Would you print the lines below exactly, beginning at the line that has "Aprovechamos sus agujeros" and stopping after the line that has "Contrast-matching matching new"? Only those lines, and no pictures.

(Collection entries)

== Segment start ==

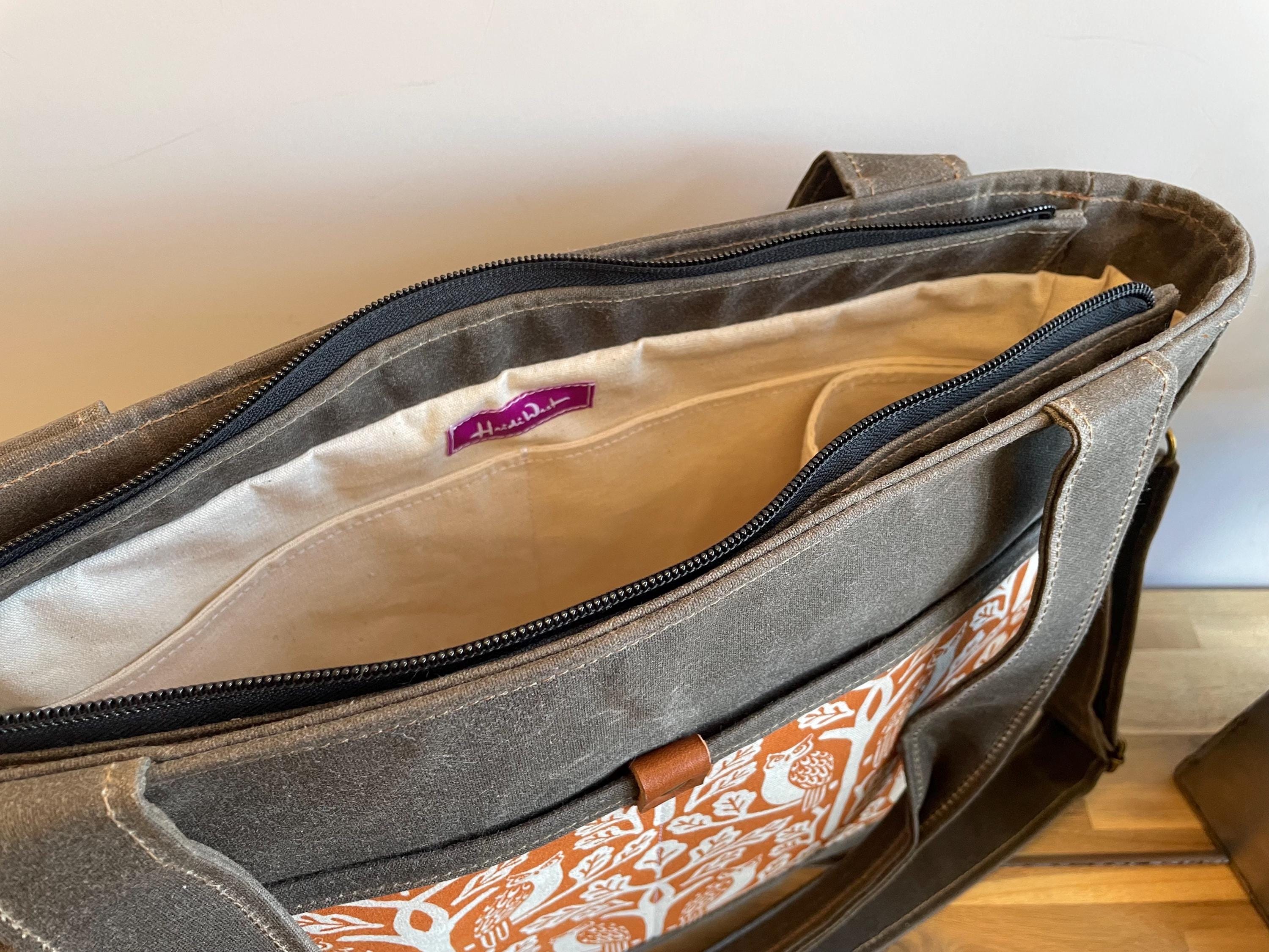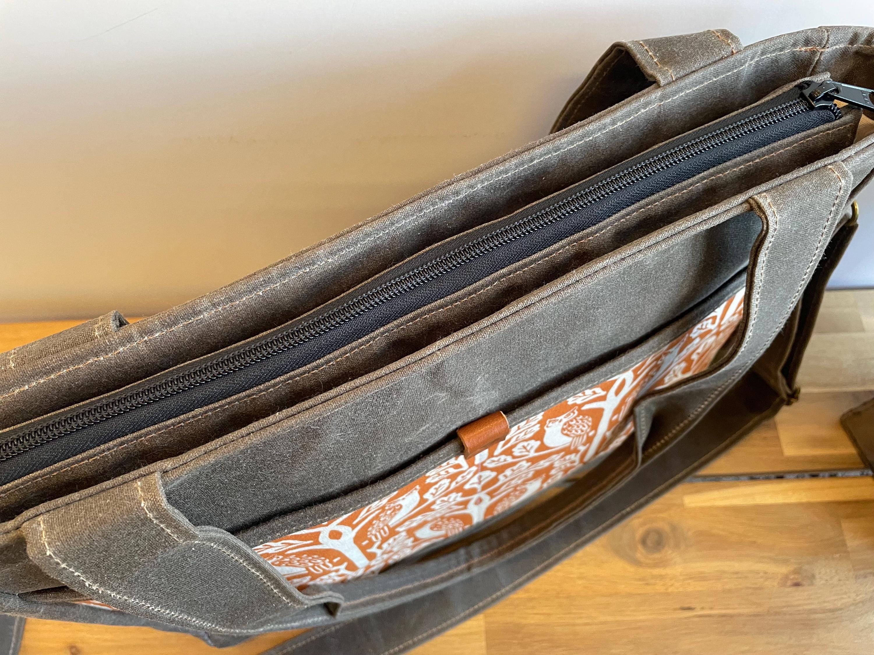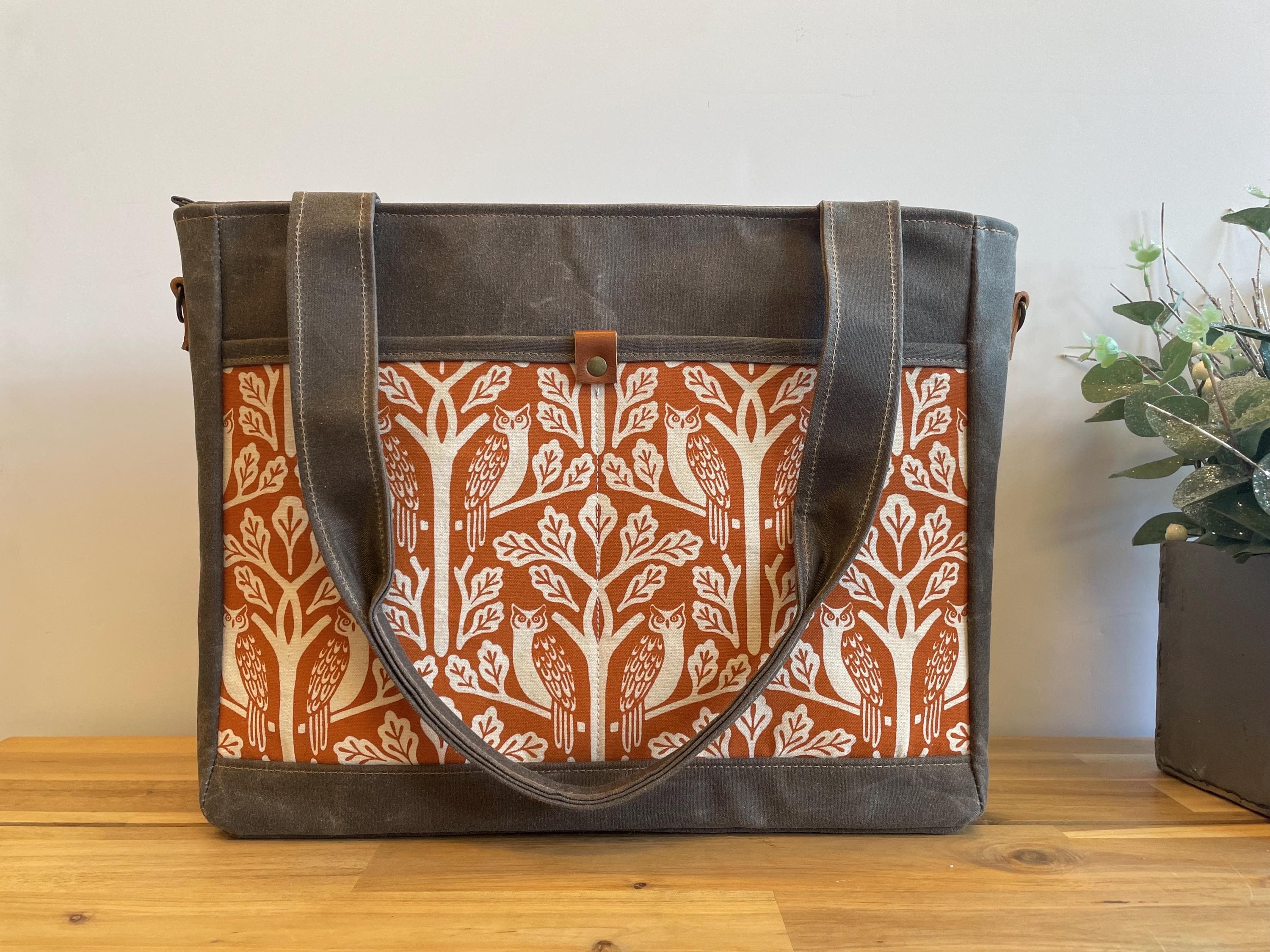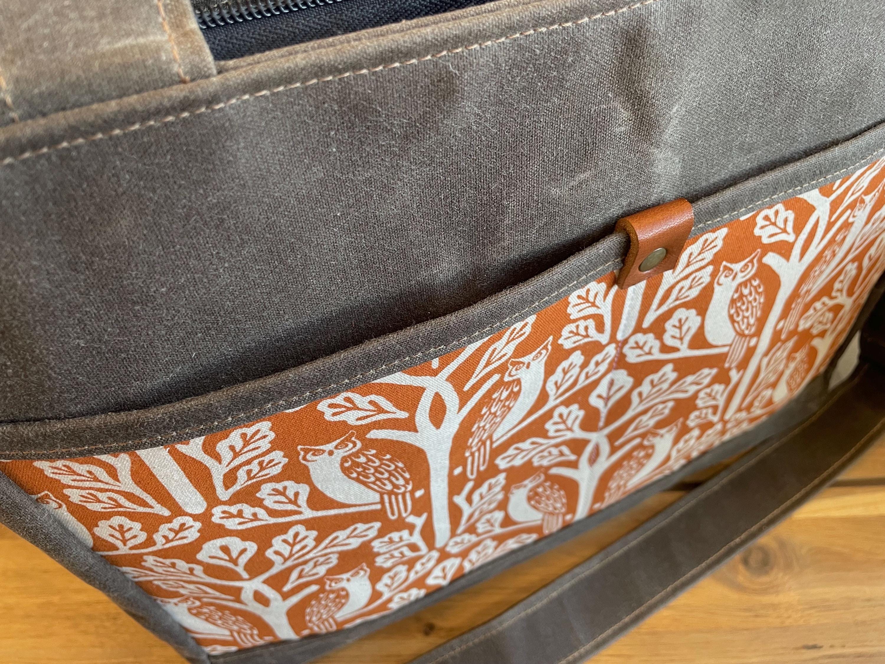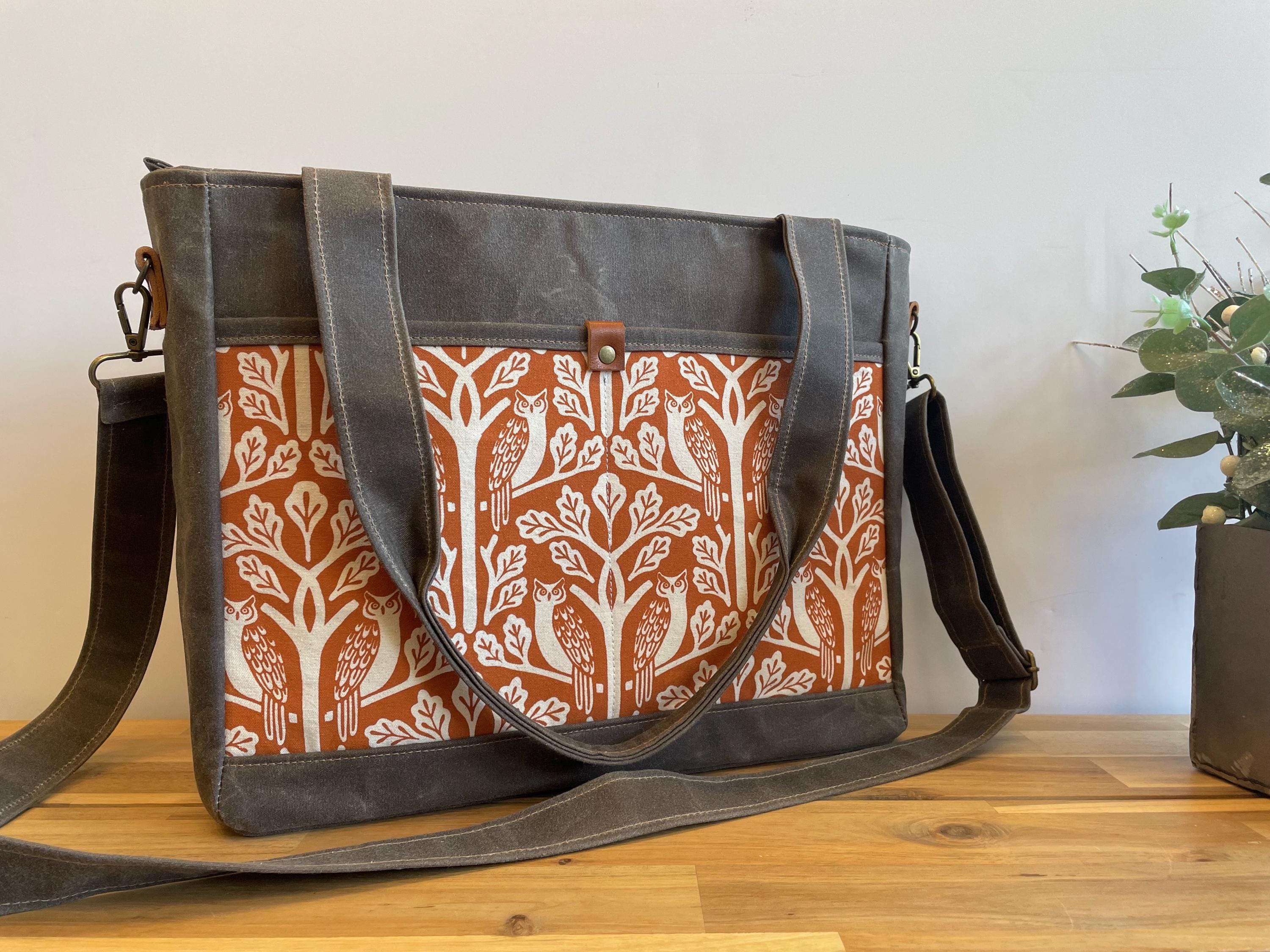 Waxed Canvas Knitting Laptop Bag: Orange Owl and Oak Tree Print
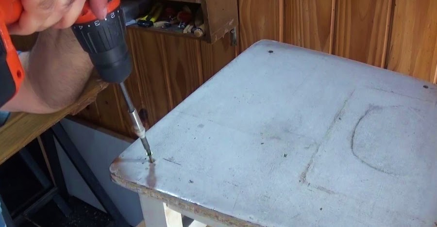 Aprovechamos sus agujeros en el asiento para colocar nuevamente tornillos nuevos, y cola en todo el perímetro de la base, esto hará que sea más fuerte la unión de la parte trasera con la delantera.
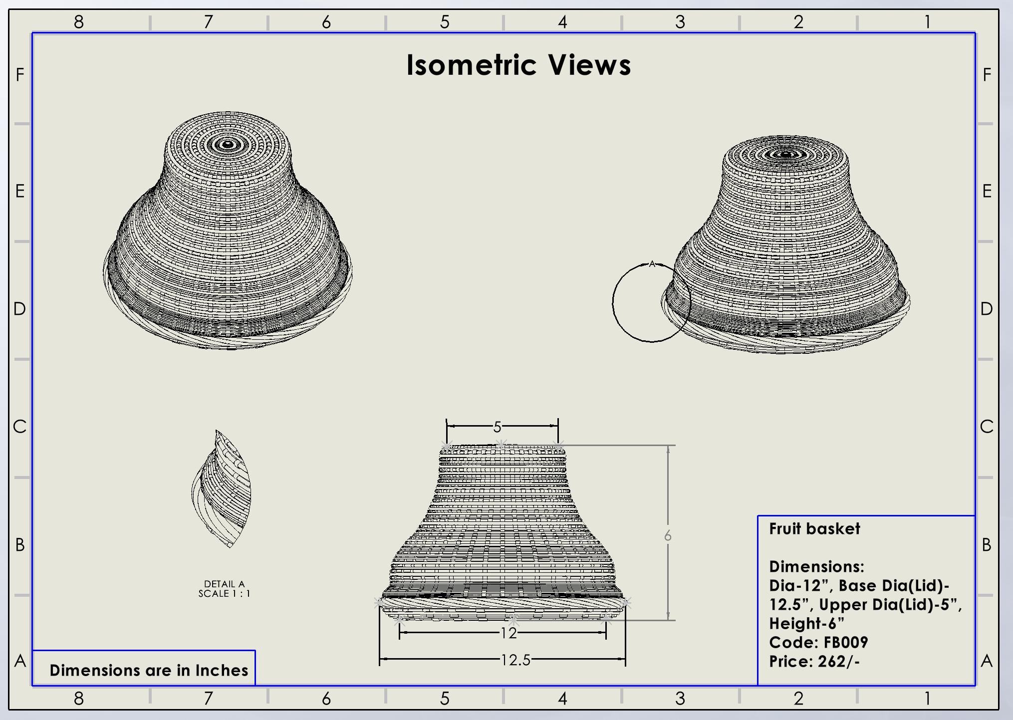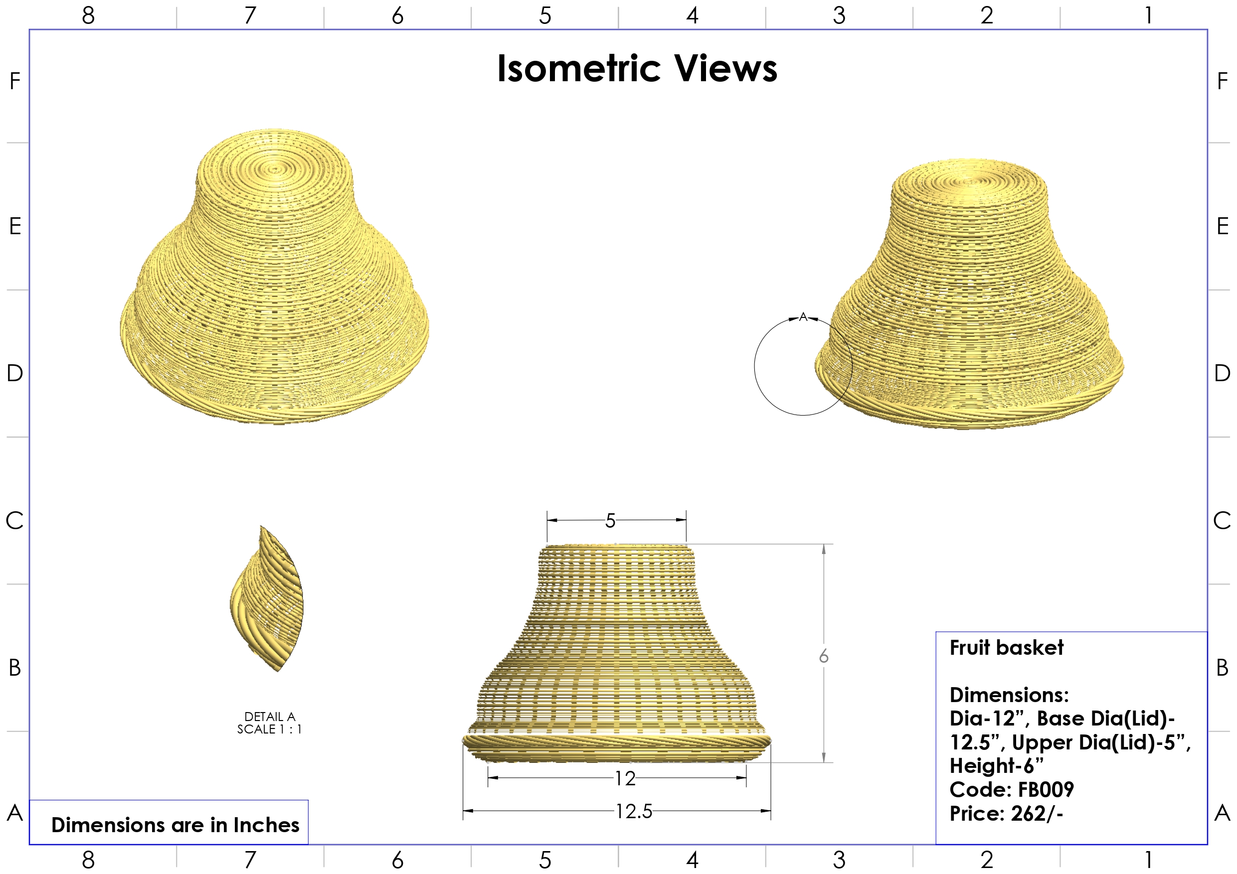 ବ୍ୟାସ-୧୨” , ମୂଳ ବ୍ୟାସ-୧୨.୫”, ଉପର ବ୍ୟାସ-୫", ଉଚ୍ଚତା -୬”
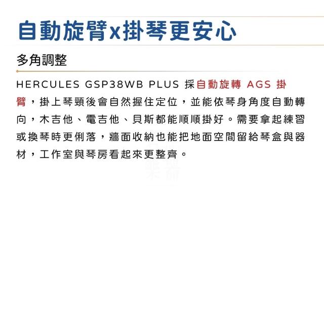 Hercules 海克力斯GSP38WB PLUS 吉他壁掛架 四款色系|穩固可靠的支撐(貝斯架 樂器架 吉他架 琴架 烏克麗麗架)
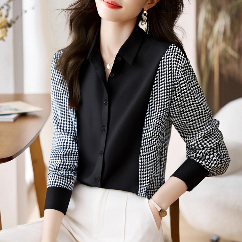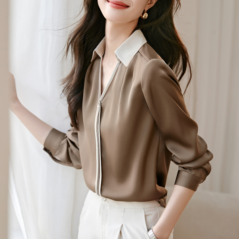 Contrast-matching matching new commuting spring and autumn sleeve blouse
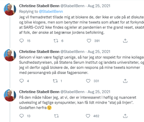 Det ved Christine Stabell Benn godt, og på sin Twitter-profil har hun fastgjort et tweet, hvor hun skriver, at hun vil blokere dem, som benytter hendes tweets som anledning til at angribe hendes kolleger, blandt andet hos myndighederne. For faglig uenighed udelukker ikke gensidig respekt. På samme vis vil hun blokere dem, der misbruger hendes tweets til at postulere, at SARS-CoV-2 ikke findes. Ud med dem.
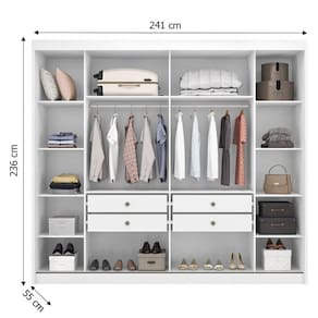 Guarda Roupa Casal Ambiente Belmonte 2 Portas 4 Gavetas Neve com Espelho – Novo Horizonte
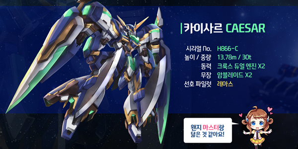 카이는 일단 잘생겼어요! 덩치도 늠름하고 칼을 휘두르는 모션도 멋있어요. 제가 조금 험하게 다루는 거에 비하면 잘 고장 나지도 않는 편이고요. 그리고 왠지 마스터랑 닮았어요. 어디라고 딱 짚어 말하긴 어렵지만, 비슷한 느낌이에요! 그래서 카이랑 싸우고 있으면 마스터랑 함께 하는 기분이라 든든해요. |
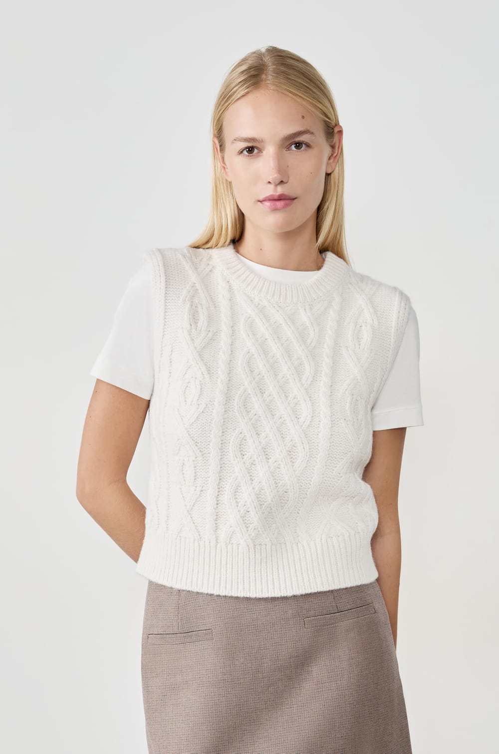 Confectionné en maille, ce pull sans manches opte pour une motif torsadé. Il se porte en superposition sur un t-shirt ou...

== Segment end ==

(RESPONSE BOX)
 Aprovechamos sus agujeros en el asiento para colocar nuevamente tornillos nuevos, y cola en todo el perímetro de la base, esto hará que sea más fuerte la unión de la parte trasera con la delantera.
 ବ୍ୟାସ-୧୨” , ମୂଳ ବ୍ୟାସ-୧୨.୫”, ଉପର ବ୍ୟାସ-୫", ଉଚ୍ଚତା -୬”
 Hercules 海克力斯GSP38WB PLUS 吉他壁掛架 四款色系|穩固可靠的支撐(貝斯架 樂器架 吉他架 琴架 烏克麗麗架)
 Contrast-matching matching new commuting spring and autumn sleeve blouse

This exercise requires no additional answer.